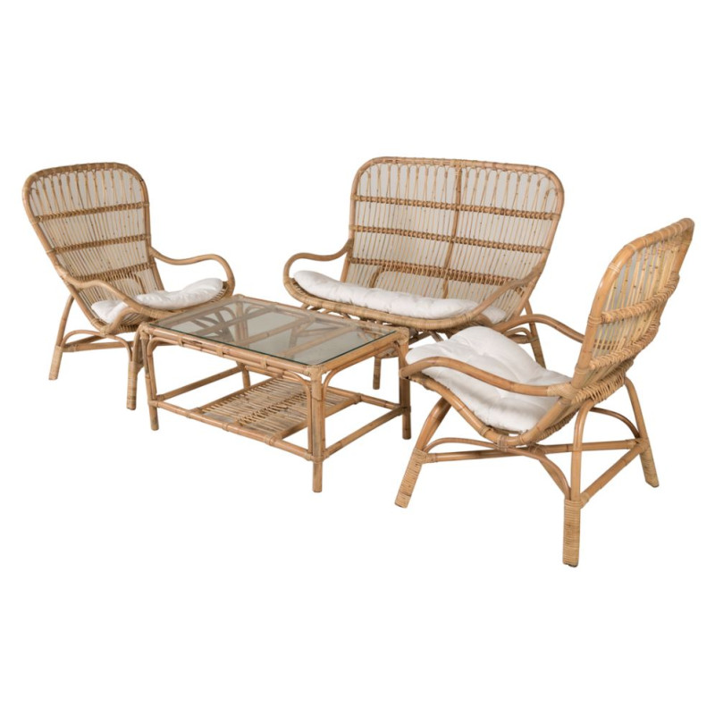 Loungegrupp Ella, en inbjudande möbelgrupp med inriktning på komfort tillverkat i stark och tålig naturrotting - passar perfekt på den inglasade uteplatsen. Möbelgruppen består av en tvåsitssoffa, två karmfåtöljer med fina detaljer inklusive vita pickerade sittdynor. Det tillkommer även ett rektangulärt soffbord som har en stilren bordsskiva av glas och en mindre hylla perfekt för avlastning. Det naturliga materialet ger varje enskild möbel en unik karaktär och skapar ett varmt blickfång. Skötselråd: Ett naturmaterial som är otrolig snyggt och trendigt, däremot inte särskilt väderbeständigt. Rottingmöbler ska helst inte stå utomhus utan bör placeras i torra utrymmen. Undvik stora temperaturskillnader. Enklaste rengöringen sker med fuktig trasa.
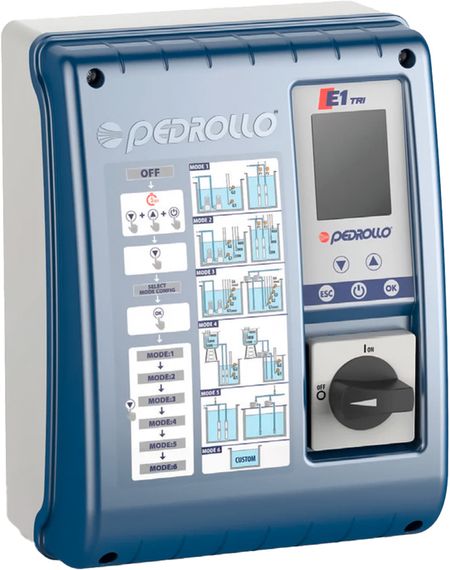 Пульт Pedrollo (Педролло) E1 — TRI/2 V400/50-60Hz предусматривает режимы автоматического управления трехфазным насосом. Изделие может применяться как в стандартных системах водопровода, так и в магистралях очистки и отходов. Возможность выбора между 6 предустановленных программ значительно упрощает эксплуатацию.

──────────

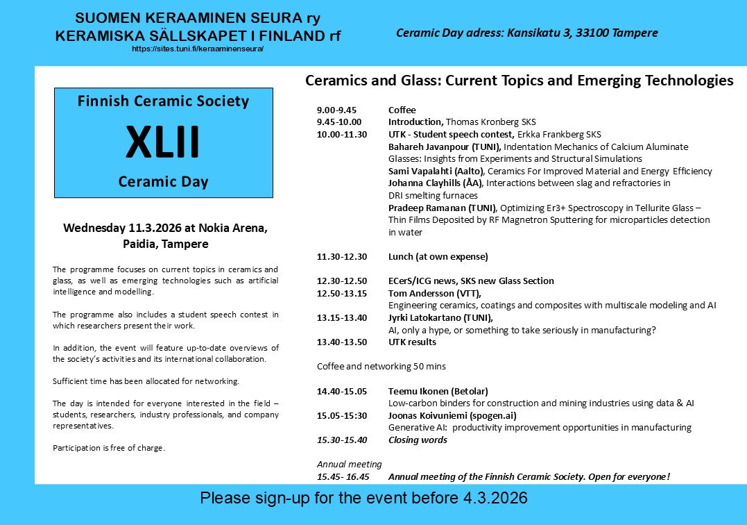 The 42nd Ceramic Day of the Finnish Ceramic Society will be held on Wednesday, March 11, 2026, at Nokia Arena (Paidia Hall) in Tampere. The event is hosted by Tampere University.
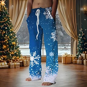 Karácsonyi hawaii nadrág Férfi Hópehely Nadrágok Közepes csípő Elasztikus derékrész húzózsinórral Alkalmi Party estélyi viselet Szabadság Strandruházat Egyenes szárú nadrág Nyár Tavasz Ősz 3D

──────────

Work instruction -> When you reach the line holding "The 42nd Ceramic" in the listing above, begin retyping exactly, and stop once the line holding "Karácsonyi hawaii nadrág" is done; pictures stay out.

Solution to this task ->
 The 42nd Ceramic Day of the Finnish Ceramic Society will be held on Wednesday, March 11, 2026, at Nokia Arena (Paidia Hall) in Tampere. The event is hosted by Tampere University.
 Karácsonyi hawaii nadrág Férfi Hópehely Nadrágok Közepes csípő Elasztikus derékrész húzózsinórral Alkalmi Party estélyi viselet Szabadság Strandruházat Egyenes szárú nadrág Nyár Tavasz Ősz 3D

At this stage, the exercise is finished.